My Journey: Through a Layoff

I went to Braum’s for milk and eggs and cried over the receipt in the car because the total was more than I expected—eggs had gone up. A dozen eggs was now more than a gallon of milk and I hadn’t noticed before.

by Bethany Proffitt

My husband sells big equipment to oil refineries. He is good at his job and enjoys what he does. I have struggled in my role as his supporter because he is more successful than I ever dreamed and we are living a very good life. I am thankful to him and for him. However, I often wish that he could be home more or that he could slow down a bit.

Over the past year, he started to check the price of oil more and more frequently and often gave me an update at dinner. I wished that the price of oil didn’t matter to us, but it did. The farther it fell, the less likely he was to sell equipment to refineries. I tried not to care.

One night in the summer, he held my waist, but he was holding on to me, not holding me.

He said with a catch in his voice that oil had closed at some scary low number that I can’t remember now. It was real. It couldn’t be ignored any longer.

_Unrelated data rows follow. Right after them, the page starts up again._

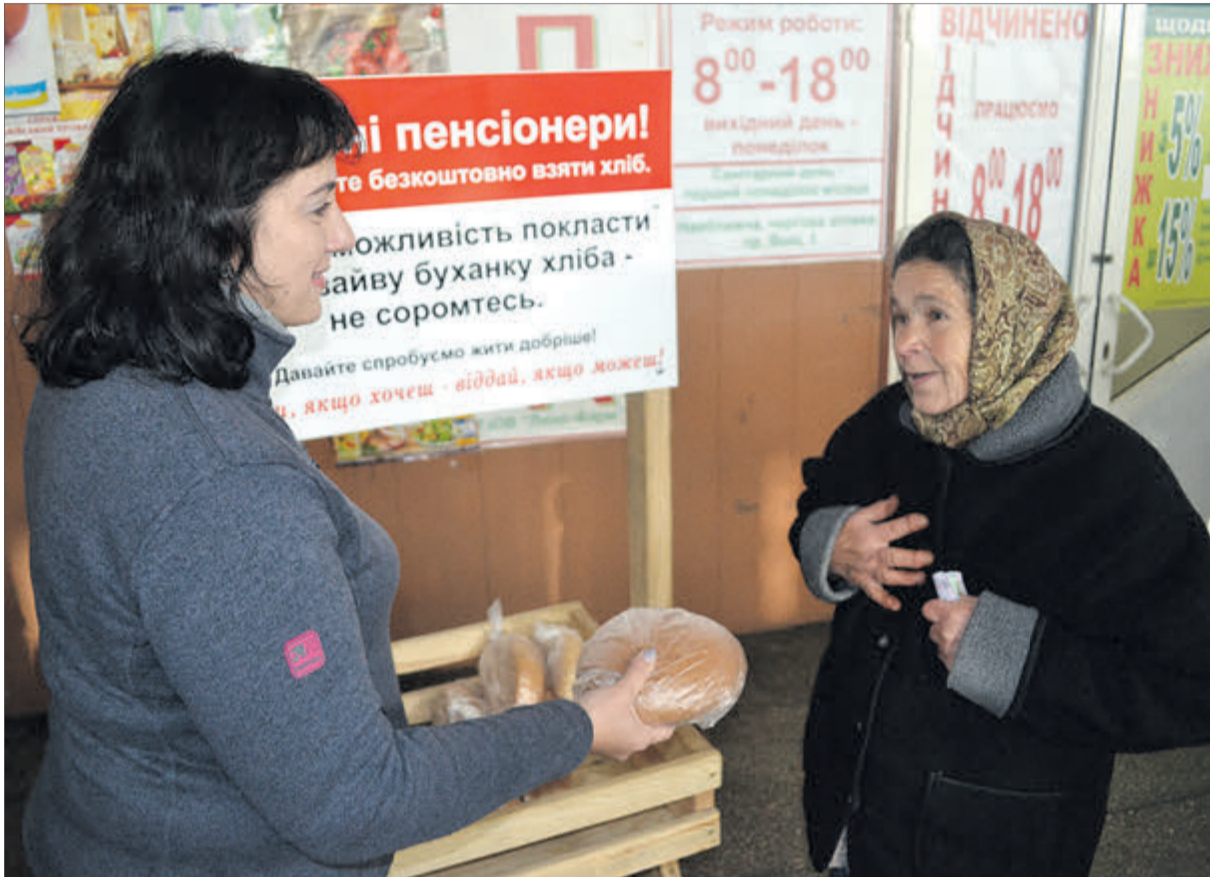
«Я вам щиро дякую за вашу доброту...»
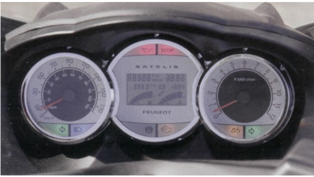
Das Armaturenbrett ist ein Gedicht. Übersichtlich mit tollen Funktionen.
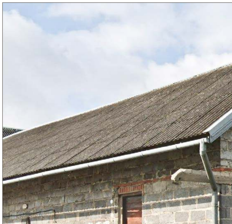
W gminie Jodłowa wciąż nie brakuje budynków, na których znajduje się eternit.
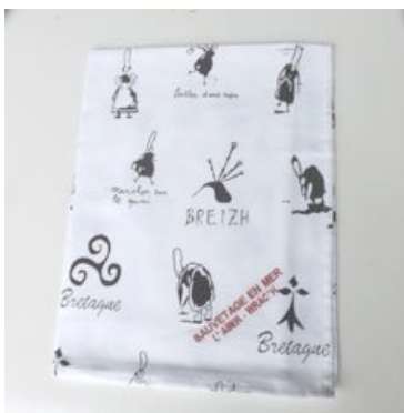
Torchon décor breizh
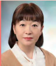
여, 지체장애, 방송
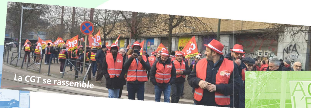
La CGT se rassemble

There was talk at work. Managers were meeting behind closed doors. There was a furlough. One week of unpaid vacation in July. He knew that it was a bandaid. His company was in trouble. By August he was fully expecting to be asked to move to Houston because that was the writing he was seeing on the wall. He began to look for a new job because we weren’t willing to move. One morning, I received a text. “Laid off” it read. I called him. No answer. A few minutes later he called. He was in the car, headed home at 9:30 on a Monday morning. When I saw the box of his office belongings and him standing there at our house, dressed for work, in the middle of the day, my mind flashed to The Company Men, a movie I had recently watched starring Ben Affleck which chronicles a year in the life of three men as they are laid off when their big company is forced to downsize. Ben Affleck’s character, was unemployed for nearly a year and his family slowly and painfully lost their belongings, cars, and home. I was terrified to think how easily that could be us.

It was going to be alright, I thought; he was already looking for another job. But what if it wasn’t?

Our savings account was not at the level that we normally are careful to maintain, we had become too comfortable. We had more than we needed but were scared to think we could actually lose everything. I told myself that even if we did lose everything, we would still have each other and that we would be ok, even in a worst case scenario.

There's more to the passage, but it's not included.